---- Material provided
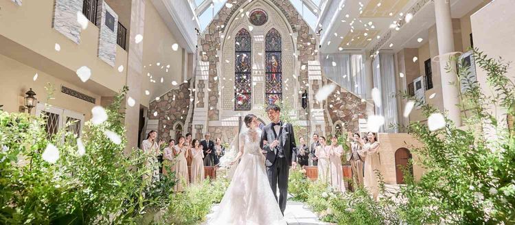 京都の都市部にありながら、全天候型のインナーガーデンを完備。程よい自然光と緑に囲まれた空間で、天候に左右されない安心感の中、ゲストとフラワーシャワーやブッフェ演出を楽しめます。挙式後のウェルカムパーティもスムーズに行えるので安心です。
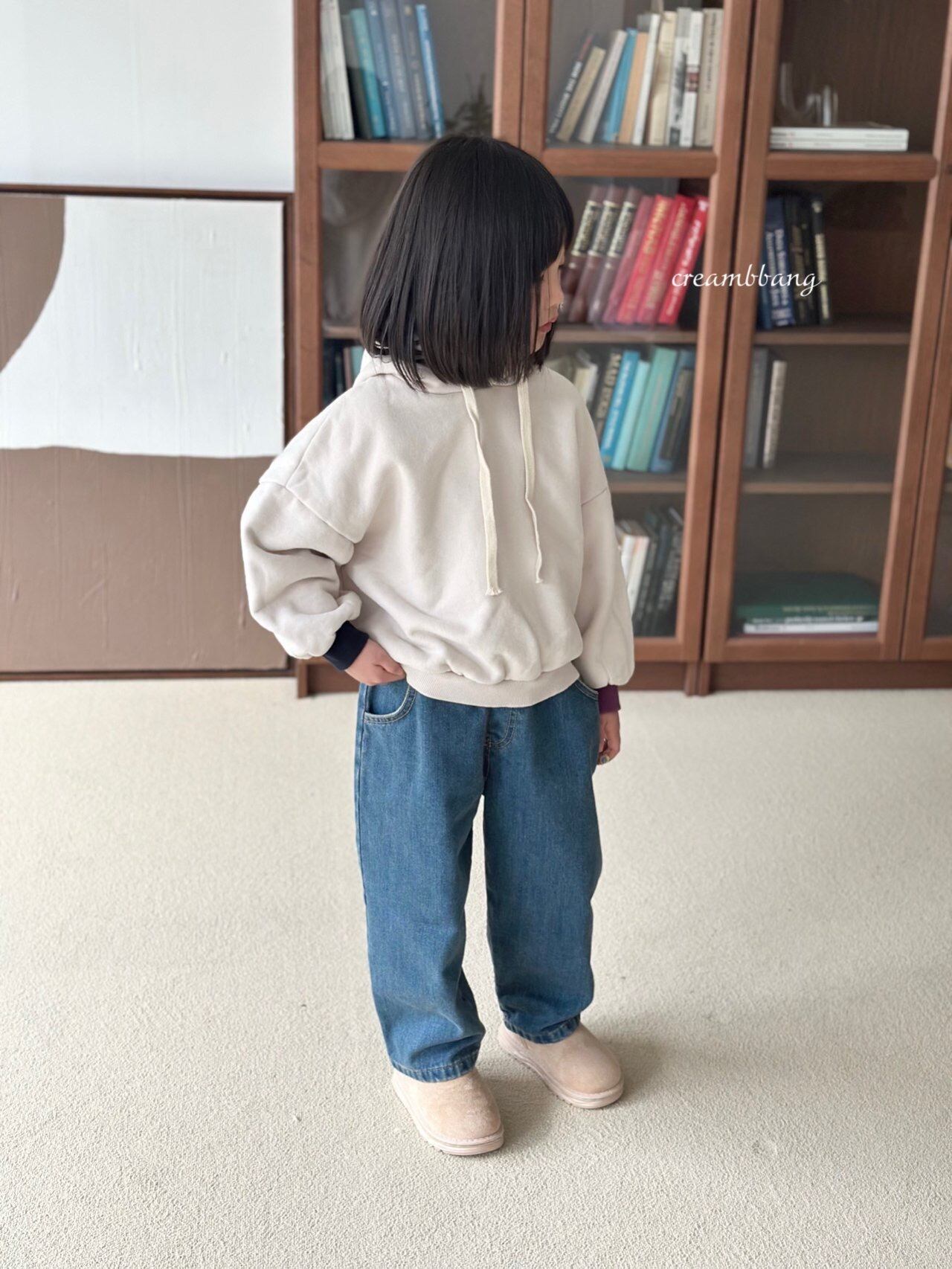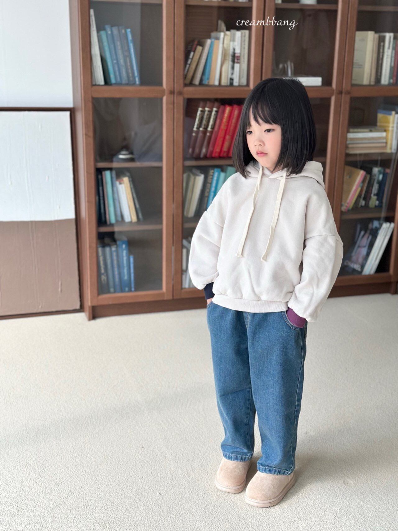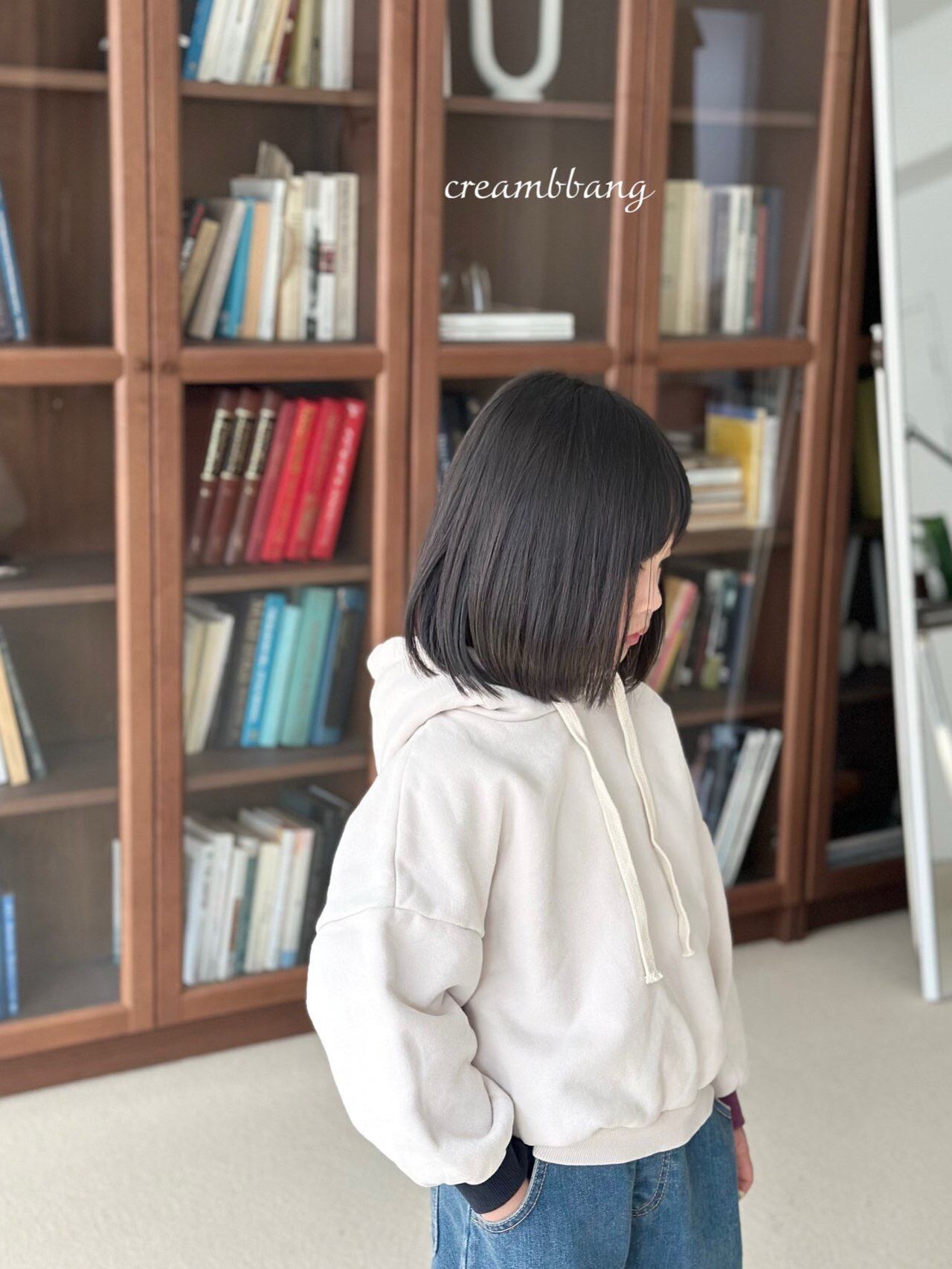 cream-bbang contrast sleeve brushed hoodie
--------
---- Material provided
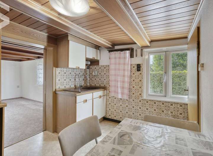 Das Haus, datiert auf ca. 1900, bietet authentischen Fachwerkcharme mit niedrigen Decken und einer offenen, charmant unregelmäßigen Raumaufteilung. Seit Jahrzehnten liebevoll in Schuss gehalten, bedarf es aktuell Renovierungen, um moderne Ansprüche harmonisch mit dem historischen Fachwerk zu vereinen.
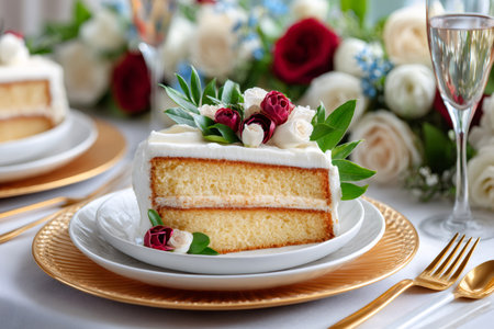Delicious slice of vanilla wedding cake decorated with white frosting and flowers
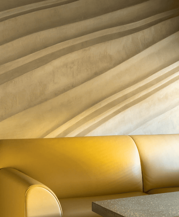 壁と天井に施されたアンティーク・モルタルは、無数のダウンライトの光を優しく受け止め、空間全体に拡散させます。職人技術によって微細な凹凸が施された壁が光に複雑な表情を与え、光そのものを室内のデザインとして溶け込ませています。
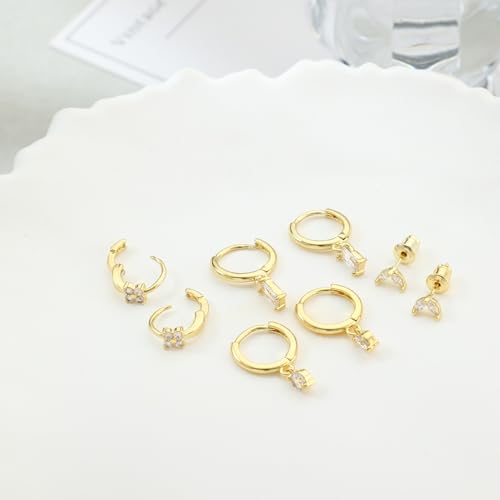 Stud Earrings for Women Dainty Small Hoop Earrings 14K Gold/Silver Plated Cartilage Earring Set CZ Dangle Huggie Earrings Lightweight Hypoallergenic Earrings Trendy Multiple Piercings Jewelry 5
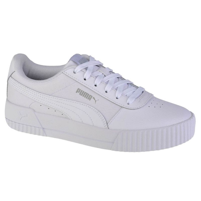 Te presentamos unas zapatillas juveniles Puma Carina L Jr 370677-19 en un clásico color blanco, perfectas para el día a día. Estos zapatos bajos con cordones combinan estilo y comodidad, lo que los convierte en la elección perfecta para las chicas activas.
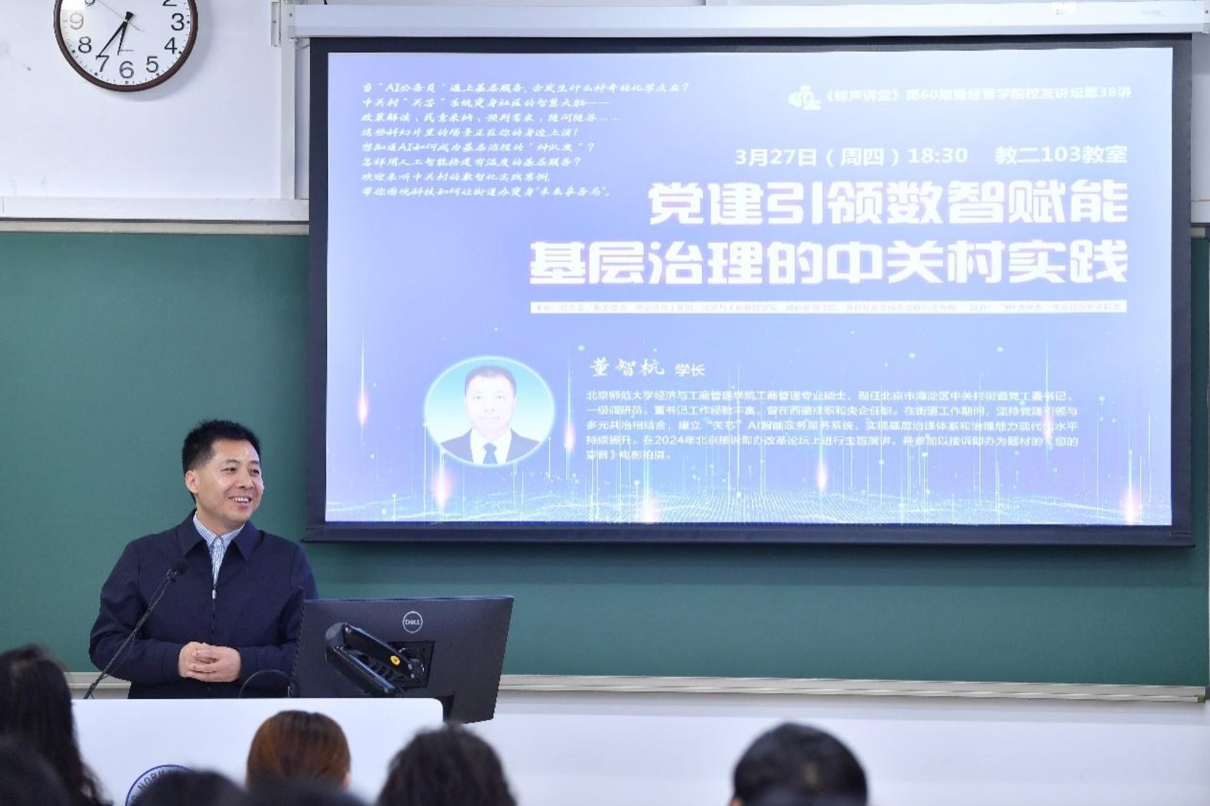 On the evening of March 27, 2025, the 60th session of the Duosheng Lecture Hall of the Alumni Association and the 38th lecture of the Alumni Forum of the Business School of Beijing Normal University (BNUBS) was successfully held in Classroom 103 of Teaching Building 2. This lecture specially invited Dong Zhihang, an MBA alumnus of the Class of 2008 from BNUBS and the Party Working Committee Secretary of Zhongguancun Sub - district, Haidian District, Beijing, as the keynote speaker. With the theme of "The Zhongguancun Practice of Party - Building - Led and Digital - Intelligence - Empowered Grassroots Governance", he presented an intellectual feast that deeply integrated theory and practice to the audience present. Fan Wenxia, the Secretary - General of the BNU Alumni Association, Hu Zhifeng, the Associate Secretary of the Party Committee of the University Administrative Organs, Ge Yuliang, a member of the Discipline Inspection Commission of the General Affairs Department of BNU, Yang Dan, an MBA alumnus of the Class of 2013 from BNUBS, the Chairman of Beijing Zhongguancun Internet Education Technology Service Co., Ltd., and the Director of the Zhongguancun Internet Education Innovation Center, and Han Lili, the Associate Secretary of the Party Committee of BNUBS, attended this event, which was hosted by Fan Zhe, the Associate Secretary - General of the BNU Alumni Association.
--------
---- Material provided
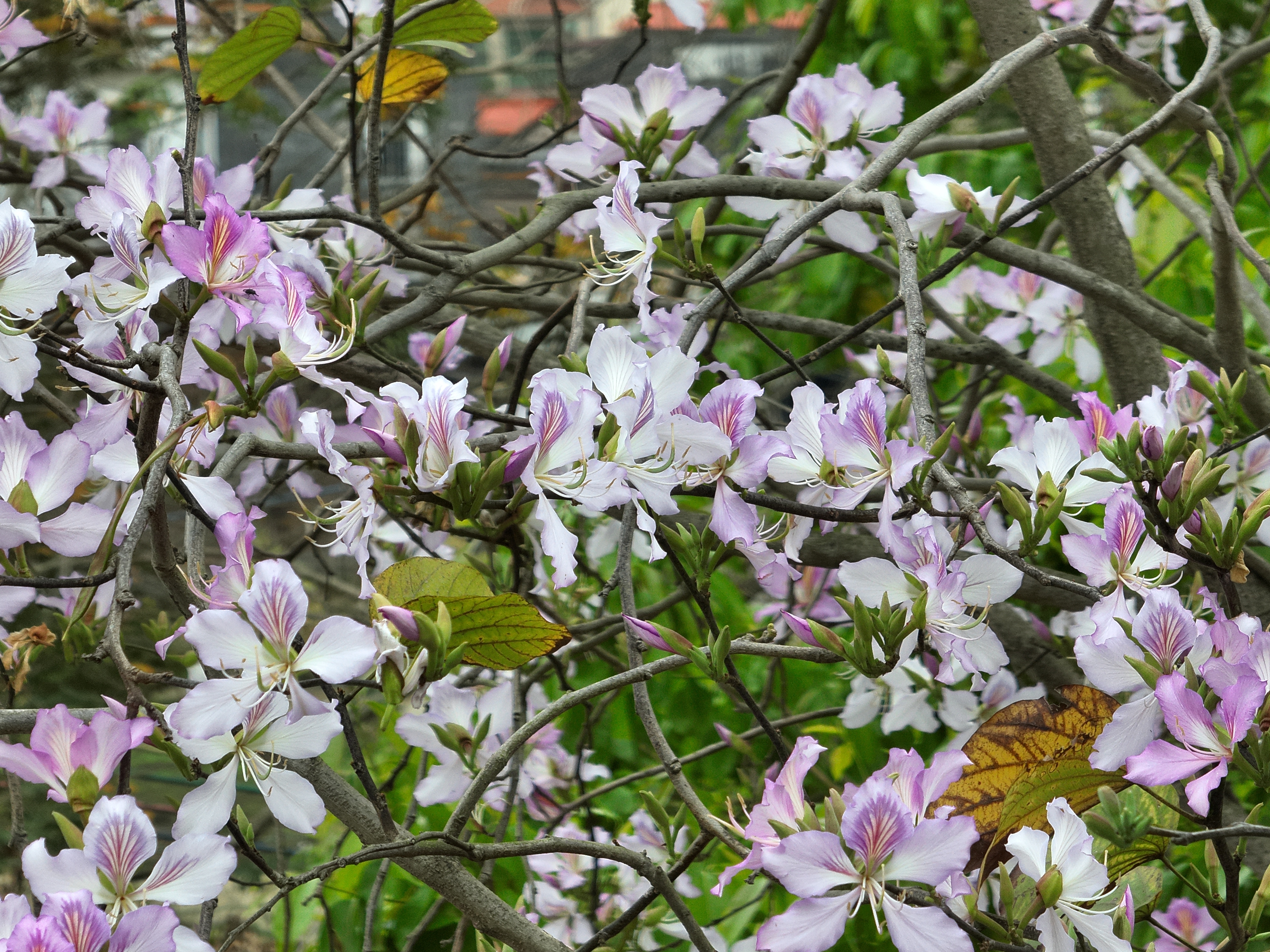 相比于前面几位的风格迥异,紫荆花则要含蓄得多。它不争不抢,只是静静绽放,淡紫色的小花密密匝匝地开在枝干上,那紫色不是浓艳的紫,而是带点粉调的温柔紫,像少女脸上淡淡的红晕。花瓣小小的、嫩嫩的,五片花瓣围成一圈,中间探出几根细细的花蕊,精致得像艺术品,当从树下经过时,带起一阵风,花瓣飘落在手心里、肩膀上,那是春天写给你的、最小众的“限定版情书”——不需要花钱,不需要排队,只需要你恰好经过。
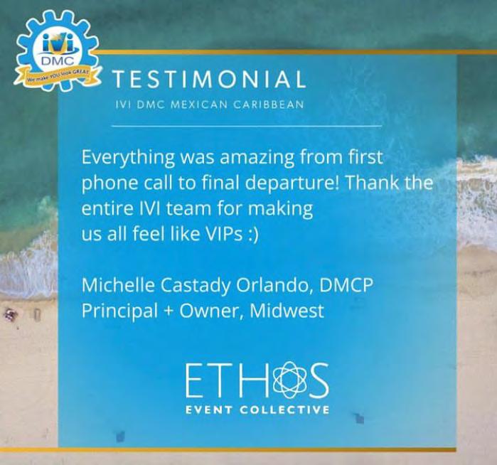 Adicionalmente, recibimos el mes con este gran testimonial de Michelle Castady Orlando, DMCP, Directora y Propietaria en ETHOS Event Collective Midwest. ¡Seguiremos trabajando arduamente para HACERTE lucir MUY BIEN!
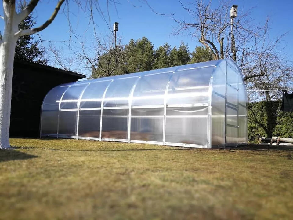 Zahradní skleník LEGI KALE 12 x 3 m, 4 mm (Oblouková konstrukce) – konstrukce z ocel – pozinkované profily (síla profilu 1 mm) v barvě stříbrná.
--------
Starting at the line with "京都の都市部にありながら、全" and finishing at the line with "cream-bbang contrast sleeve brushed hoodie", copy the material above exactly, both lines included. Nothing else goes in, and no pictures.

■ **Answer**:
 京都の都市部にありながら、全天候型のインナーガーデンを完備。程よい自然光と緑に囲まれた空間で、天候に左右されない安心感の中、ゲストとフラワーシャワーやブッフェ演出を楽しめます。挙式後のウェルカムパーティもスムーズに行えるので安心です。
 cream-bbang contrast sleeve brushed hoodie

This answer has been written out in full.